In a series of articles to be published in AeroSafety World over the course of this year, we will describe the latest results of the project’s work, which to date includes a worldwide pilot survey conducted on behalf of the Foundation by The Presage Group. The survey is designed to understand the psychology of decisions to go around rather than to continue to fly unstable approaches.
This first article describes a novel strategy for understanding this psychology, which we call the Dynamic Situational Awareness Model (DSAM), that we successfully have applied in several other operational contexts to help mitigate risk and increase compliance. The remaining articles will include the results of two experiments conducted within the pilot survey in which we assessed factors leading up to a decision.

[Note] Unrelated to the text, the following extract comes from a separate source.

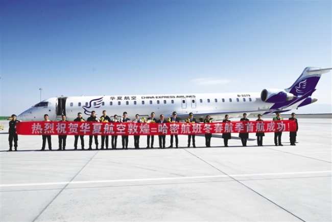 每日甘肃网10月28日讯 据酒泉日报敦煌报道 10月26日,敦煌至哈密航班首次在冬春航季开通。该航线由华夏航空执飞,每周一、三、五、日运行,不仅完善了西北区域航空网络,更将有力推动敦煌与新疆在旅游资源共享、特色贸易流通等领域的深度合作。同时,由华夏航空公司执飞的陇南?兰州?敦煌航线也在当日首次开通,每周一、三、五、日运行。

The experiments attempted to answer such questions as: “Are go-arounds associated more with some kinds of instabilities than with others?”; “What sorts of pilot characteristics, if any, are associated with go-around decision making?”; “What information did pilots solicit to assess risk prior to making their decisions?”; “What is the implicit incentive structure for flying go-arounds versus continuing the unstable approach that pilots perceive in their organization’s culture?”; “What is the nature of the crew interactions that support compliance with go-around policies?”; “In hindsight, to what factors do pilots attribute their decisions to go around or continue with an unstable approach, and do these reflect all the experiences that were actually inputs to their decisions?”; “What are the true key drivers of their risk assessments and decisions?”; “Do pilots experience any post-decisional regret for non-compliance with go-around decision making protocols?”; “Do pilots accept the basic definitions set by their organizations for what defines an unstable condition, as well as the standard operating procedures (SOPs) their organizations have set out to handle them?”; and “Apart from their company’s definitions, beyond what thresholds of instability on key flight parameters do pilots personally define themselves to be in an unstable state that warrants a go-around decision?”
By understanding more completely the answers to these questions, our goal is to bring new thinking to bear on the topic of non-compliance with unstable approach SOPs, and to offer ideas about how to mitigate these risks based on a better alignment of pilot psychology with company policy.
Have a good week and thanks for letting the 3DB be a part of your routine. Fly safe/be safe.